══ INFORMATION SHOWN ══

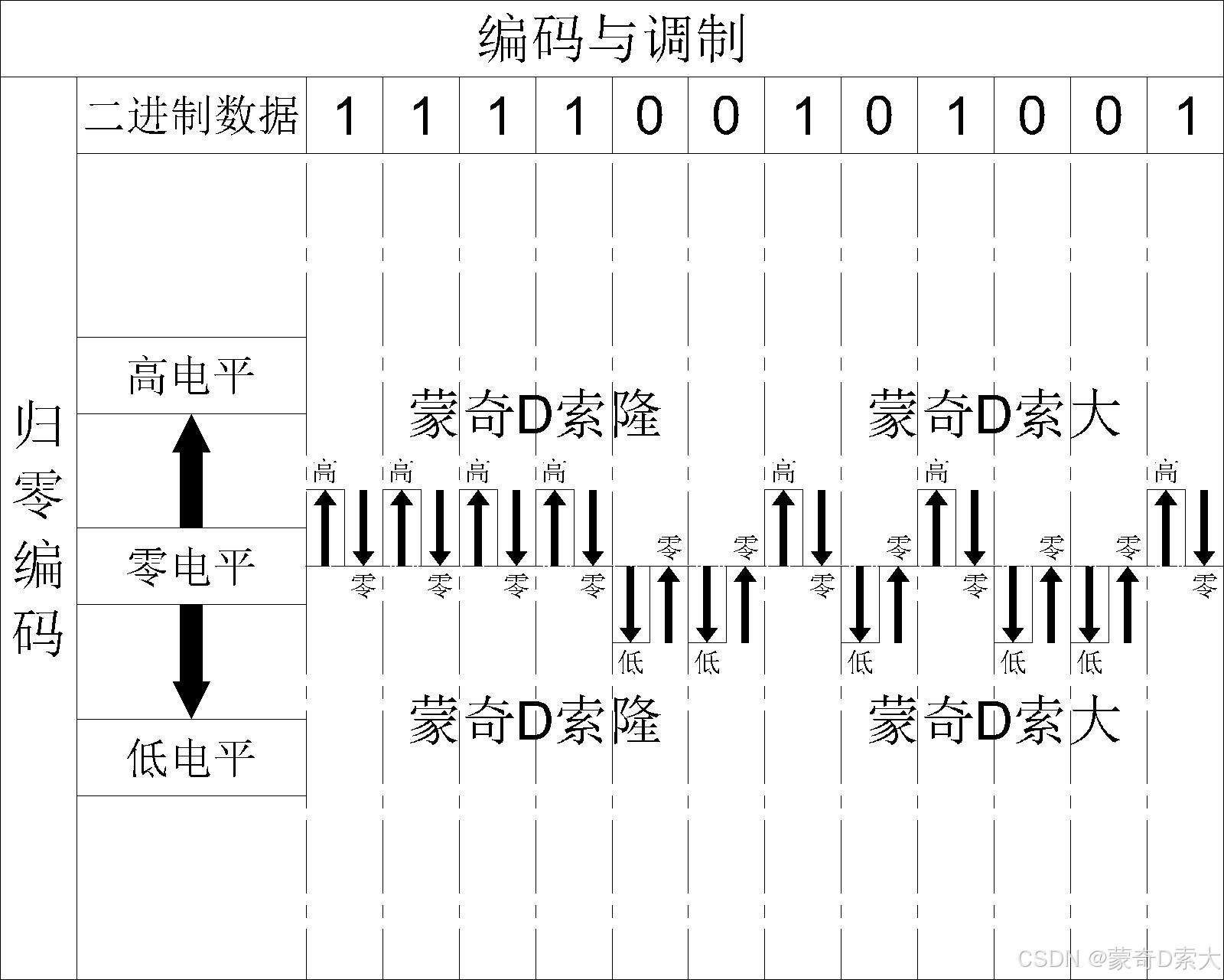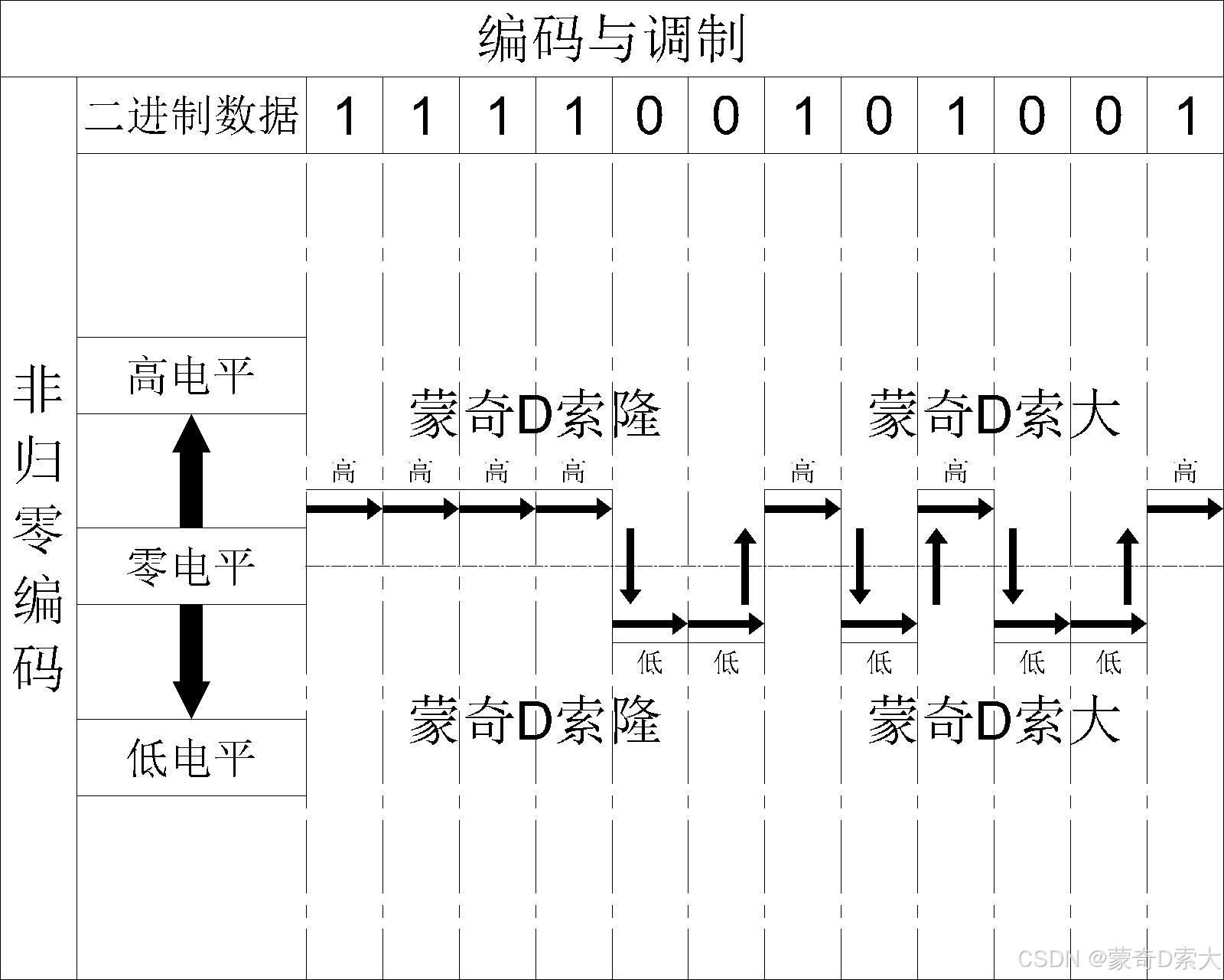 - 非归零( N R Z ( N o n e _ R e t u r n _ t o _ Z e r o ) NRZ(None \_ Return \_ to \_ Zero) NRZ(None_Return_to_Zero))编码 :用高电平表示 1 1 1 、低电平表示 0 0 0 (或者相反)。
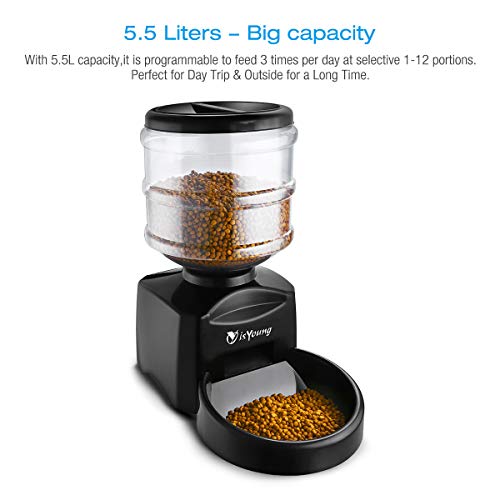 【Capacité de 5,5 L 】- isYoung vous fournit une capacité d’entonnoir de 5,5 litres dans que vous puissiez l’utiliser quasiment compartiment de rangement dans garder les aliments secs et frais. C’est très pratique dans les personnes qui ne sont pas à la maison pendant la journée.Les batteries non incluses.
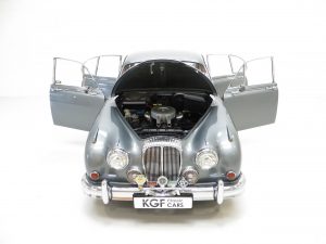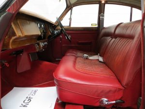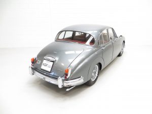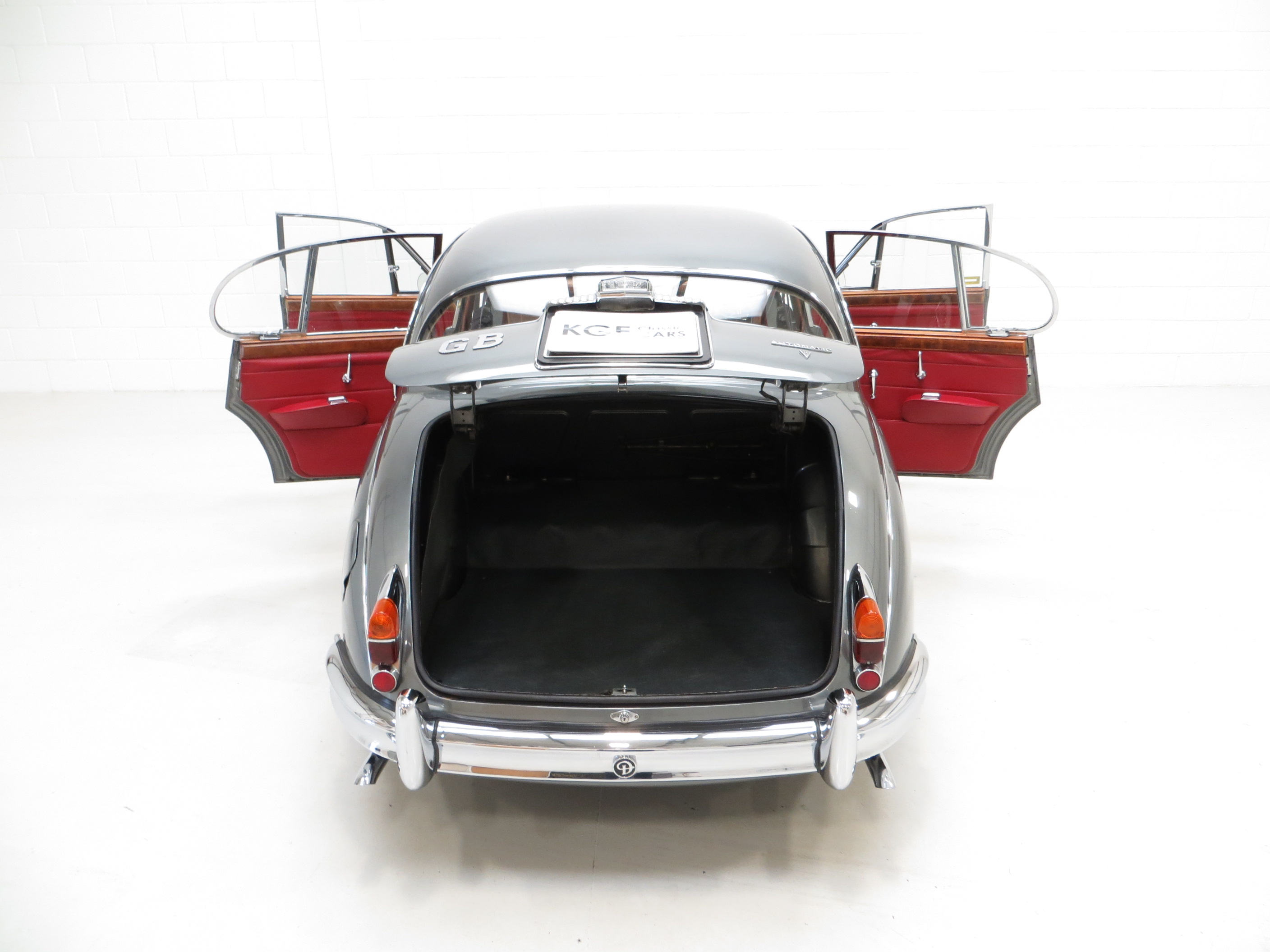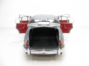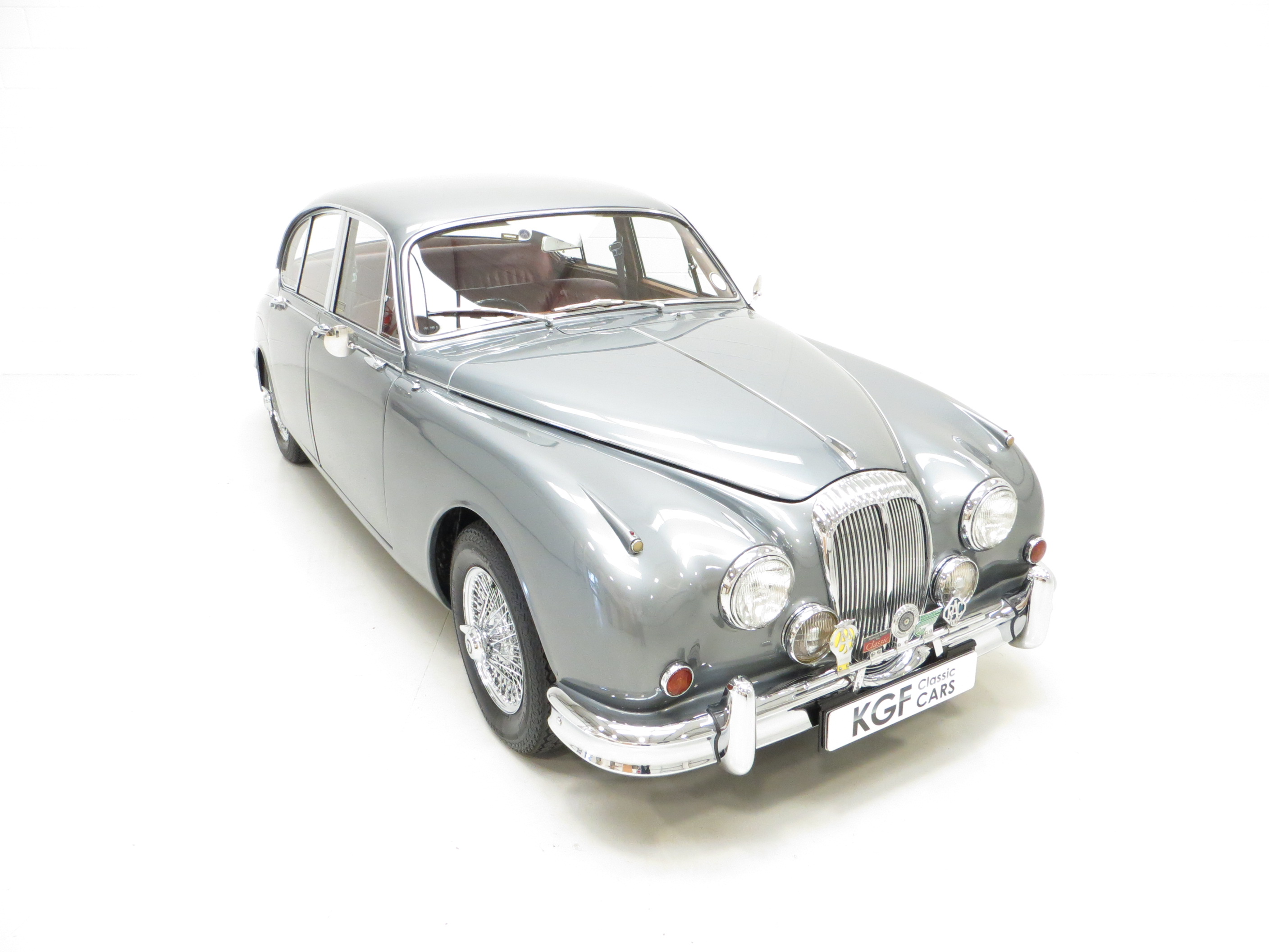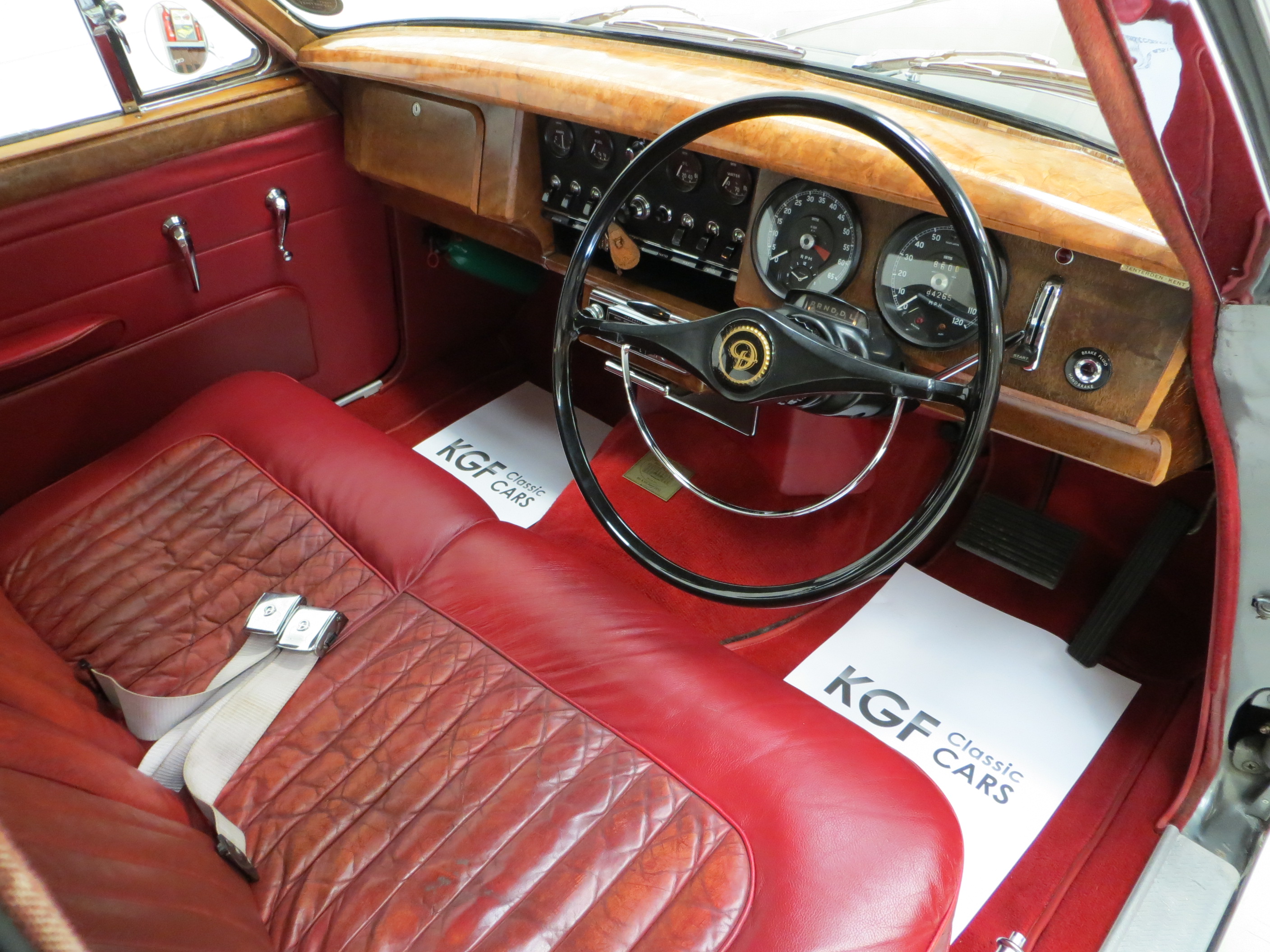 With the high specification of equipment and material finish, the Daimler variant was to cater for the most indulgent of buyers, and it was light-heartedly quipped at the time to be Daimler Saloon’s for the Bank Manager and Jaguar MKII’s for the bank robber! The original finest quality Vaumol leather hide in Red is preserved in wonderful condition but does display natural and dignified aging. Luxury starts from the ground up with deep pile carpets over thick felt underlay, full matching door dressings and individual central arm rests. The soft velvet headlining does show some discolouration. The beautifully crafted polished figured walnut instrument panel features a plethora of ornate and fully functioning switchgear and Smiths gauges, and the original Bakelite steering wheel with Daimler emblem and horn ring is a work of art. Incredibly, a selling dealer fascia sticker and tax disc holder have remained fitted as have the optional Daimler seatbelt clasps. The boot area is very clean and houses a rare full tool kit. Reminiscent of a bygone luxury motoring age, even the leather and wood scent will ignite fond nostalgia.
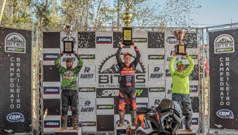 Bicampeão! Marlon Bonilha e a Pro Tork / KTM Sportbay fizeram a festa na grande final do Campeonato Brasileiro de Big Trail 2024, o BITES, que aconteceu neste fim de semana, 28 e 29 de setembro, na cidade de Siqueira Campos, localizada no Norte Pioneiro do Paraná. Correndo em casa, o piloto confirmou o favoritismo na categoria Heavy Pro, fechando o ano com vitória e com as mãos na taça.

═══

## WORK TO COMPLETE
The task requires restating verbatim the lines from the one that holds "batteries non incluses." through the end of the listing, both ends counted, and no pictures.

## WRITTEN SOLUTION
 【Capacité de 5,5 L 】- isYoung vous fournit une capacité d’entonnoir de 5,5 litres dans que vous puissiez l’utiliser quasiment compartiment de rangement dans garder les aliments secs et frais. C’est très pratique dans les personnes qui ne sont pas à la maison pendant la journée.Les batteries non incluses.
 With the high specification of equipment and material finish, the Daimler variant was to cater for the most indulgent of buyers, and it was light-heartedly quipped at the time to be Daimler Saloon’s for the Bank Manager and Jaguar MKII’s for the bank robber! The original finest quality Vaumol leather hide in Red is preserved in wonderful condition but does display natural and dignified aging. Luxury starts from the ground up with deep pile carpets over thick felt underlay, full matching door dressings and individual central arm rests. The soft velvet headlining does show some discolouration. The beautifully crafted polished figured walnut instrument panel features a plethora of ornate and fully functioning switchgear and Smiths gauges, and the original Bakelite steering wheel with Daimler emblem and horn ring is a work of art. Incredibly, a selling dealer fascia sticker and tax disc holder have remained fitted as have the optional Daimler seatbelt clasps. The boot area is very clean and houses a rare full tool kit. Reminiscent of a bygone luxury motoring age, even the leather and wood scent will ignite fond nostalgia.
 Bicampeão! Marlon Bonilha e a Pro Tork / KTM Sportbay fizeram a festa na grande final do Campeonato Brasileiro de Big Trail 2024, o BITES, que aconteceu neste fim de semana, 28 e 29 de setembro, na cidade de Siqueira Campos, localizada no Norte Pioneiro do Paraná. Correndo em casa, o piloto confirmou o favoritismo na categoria Heavy Pro, fechando o ano com vitória e com as mãos na taça.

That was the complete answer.